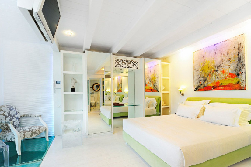 - 26-30 м2. Расположен на нижнем уровне, выдержан в белых тонах, состоит из спальни с двуспальной кроватью (или с двумя отдельными кроватями) и небольшой зоны отдыха, ванной комнаты с гидромассажной ванной или душем. Вид на территорию отеля. Максимальное размещение – 2 человека.
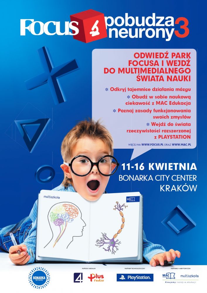 W specjalnie zaaranżowanej przestrzeni (poziom 0 i poziom 1 przy salonie Empik) każdy chętny i ciekawy œwiata będzie mógł za darmo przekonać się, jak powinna wyglšdać szkoła przyszłoœci. Taka, w której zamiast tablicy i kredy wykorzystywane sš zaawansowane rozwišzania technologiczne. Gdzie zamiast siedzenia w ławce można zanurzyć się w œwiecie 3D, a podręczniki zastšpione zostały nowoczesnymi materiałami edukacyjnymi - takie właœnie unikalne doœwiadczenie oferuje krakowska Bonarka. Wystawa „Focus pobudza neurony” to coœ zdecydowanie więcej niż tylko nowe i zaawansowane ciekawostki, to przede wszystkim szansa, by dowiedzieć się czegoœ więcej o pracy ludzkiego mózgu i działaniu narzšdów zmysłów.
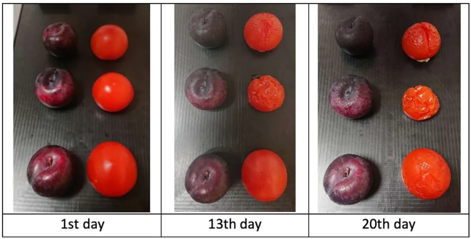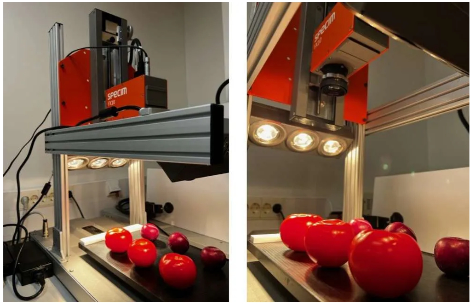 圖1:將三個(gè)李子和番茄樣本放置在實(shí)驗(yàn)室掃描儀上,并使用Specim FX10相機(jī)測量了20天

### Problem statement
Give the data again exactly, without pictures.

### Output of the task
 - 26-30 м2. Расположен на нижнем уровне, выдержан в белых тонах, состоит из спальни с двуспальной кроватью (или с двумя отдельными кроватями) и небольшой зоны отдыха, ванной комнаты с гидромассажной ванной или душем. Вид на территорию отеля. Максимальное размещение – 2 человека.
 W specjalnie zaaranżowanej przestrzeni (poziom 0 i poziom 1 przy salonie Empik) każdy chętny i ciekawy œwiata będzie mógł za darmo przekonać się, jak powinna wyglšdać szkoła przyszłoœci. Taka, w której zamiast tablicy i kredy wykorzystywane sš zaawansowane rozwišzania technologiczne. Gdzie zamiast siedzenia w ławce można zanurzyć się w œwiecie 3D, a podręczniki zastšpione zostały nowoczesnymi materiałami edukacyjnymi - takie właœnie unikalne doœwiadczenie oferuje krakowska Bonarka. Wystawa „Focus pobudza neurony” to coœ zdecydowanie więcej niż tylko nowe i zaawansowane ciekawostki, to przede wszystkim szansa, by dowiedzieć się czegoœ więcej o pracy ludzkiego mózgu i działaniu narzšdów zmysłów.
 圖1:將三個(gè)李子和番茄樣本放置在實(shí)驗(yàn)室掃描儀上,并使用Specim FX10相機(jī)測量了20天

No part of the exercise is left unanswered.